▶ _Description of the task_
With the pictures left out, copy the listing below exactly.

▶ _Given material_
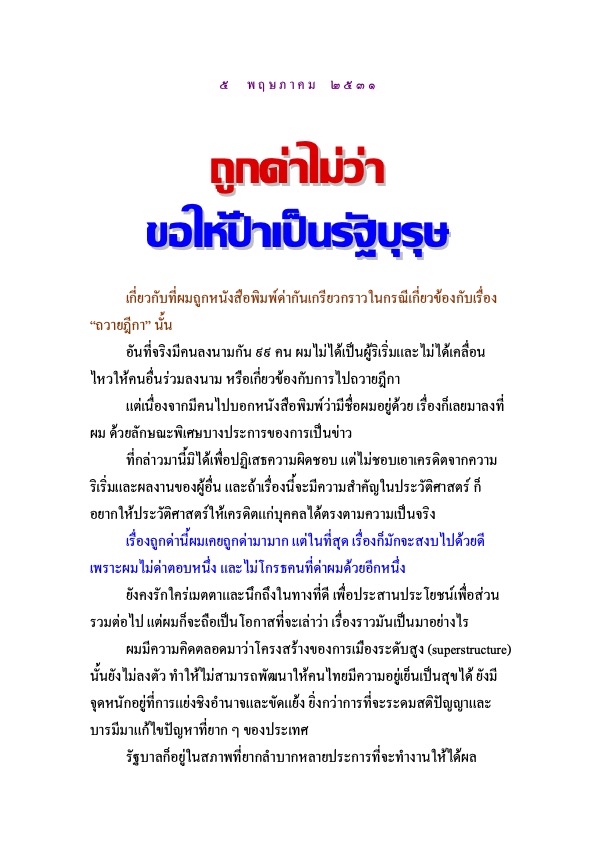 สยามรัฐสัปดาห์วิจารณ์ ฉบับวันอาทิตย์ที่ 5 พฤษภาคม 2531
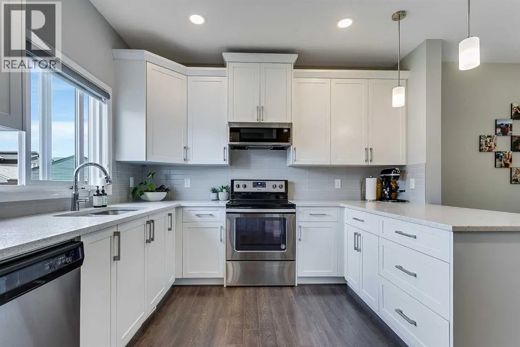 Looking for a place that just feels right the second you walk in? This is it. Bright, welcoming, and full of functional space, this Walden home offers three finished levels, four true bedrooms, and enough room for everyone to have their own little corner to crash, create, or chill. Walk up the charming front porch and step into a main floor that was made for real life. Itâs open and airy, with big windows and a layout that just makes sense. The classic white kitchen features granite countertops and a generous pantry, flowing easily into the living and dining areas. Thereâs even a half bath and a mudroom tucked off the back entrance to keep the daily chaos out of sight but close at hand. Upstairs on the second level, the spacious primary suite includes a walk-in closet and private four-piece ensuite. Two more bedrooms, a full bathroom, and laundry are also on this floor. Yes, the laundry is upstairs, right where you want it. One more level up, youâll find the kind of flexible bonus space you didnât know you needed. Whether itâs a teen hangout, office zone, guest retreat, or creative studio, this upper floor has a large fourth bedroom, another full bathroom, and a cozy nook perfect for working, relaxing, or just taking five minutes to yourself. The basement is currently partially finished with drywall and offers loads of potential. With an exterior stairwell entrance and plumbing already roughed in, itâs ready for whatever you dream up. Think in-lawâs, home gym, games room, or storage that keeps your main floor clutter-free. Outside, the fenced backyard has room to play, garden, or unwind. Thereâs a raised deck for morning coffees or evening drinks and a poured concrete parking pad ready for your future garage. Walden is one of Calgaryâs newer southeast communities and is known for its modern vibe, walkable paths, and convenient access to nature and amenities. Youâll find schools, shops, parks, and restaurants all close by, plus quick routes to wherever else life ta kes you. (id:27476)
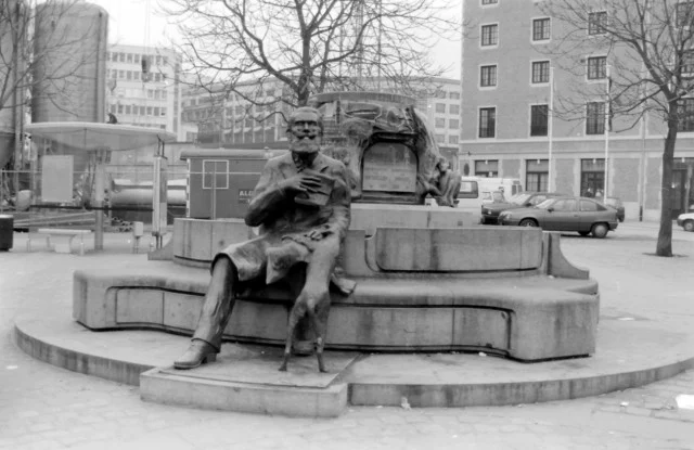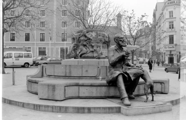 La fontaine représente un homme, livre à la main, qui se repose sur le bord d’une fontaine tandis qu’un chien joue à mordiller sa manchette gauche. Cet homme, c’est Charles Buls, orfèvre dans cette rue du Marché aux Herbes, tout comme l’était son père. Il s’impliqua en politique et fut bourgmestre de la Ville de Bruxelles de 1881 à 1899.

▶ _Written response_
 สยามรัฐสัปดาห์วิจารณ์ ฉบับวันอาทิตย์ที่ 5 พฤษภาคม 2531
 Looking for a place that just feels right the second you walk in? This is it. Bright, welcoming, and full of functional space, this Walden home offers three finished levels, four true bedrooms, and enough room for everyone to have their own little corner to crash, create, or chill. Walk up the charming front porch and step into a main floor that was made for real life. Itâs open and airy, with big windows and a layout that just makes sense. The classic white kitchen features granite countertops and a generous pantry, flowing easily into the living and dining areas. Thereâs even a half bath and a mudroom tucked off the back entrance to keep the daily chaos out of sight but close at hand. Upstairs on the second level, the spacious primary suite includes a walk-in closet and private four-piece ensuite. Two more bedrooms, a full bathroom, and laundry are also on this floor. Yes, the laundry is upstairs, right where you want it. One more level up, youâll find the kind of flexible bonus space you didnât know you needed. Whether itâs a teen hangout, office zone, guest retreat, or creative studio, this upper floor has a large fourth bedroom, another full bathroom, and a cozy nook perfect for working, relaxing, or just taking five minutes to yourself. The basement is currently partially finished with drywall and offers loads of potential. With an exterior stairwell entrance and plumbing already roughed in, itâs ready for whatever you dream up. Think in-lawâs, home gym, games room, or storage that keeps your main floor clutter-free. Outside, the fenced backyard has room to play, garden, or unwind. Thereâs a raised deck for morning coffees or evening drinks and a poured concrete parking pad ready for your future garage. Walden is one of Calgaryâs newer southeast communities and is known for its modern vibe, walkable paths, and convenient access to nature and amenities. Youâll find schools, shops, parks, and restaurants all close by, plus quick routes to wherever else life ta kes you. (id:27476)
 La fontaine représente un homme, livre à la main, qui se repose sur le bord d’une fontaine tandis qu’un chien joue à mordiller sa manchette gauche. Cet homme, c’est Charles Buls, orfèvre dans cette rue du Marché aux Herbes, tout comme l’était son père. Il s’impliqua en politique et fut bourgmestre de la Ville de Bruxelles de 1881 à 1899.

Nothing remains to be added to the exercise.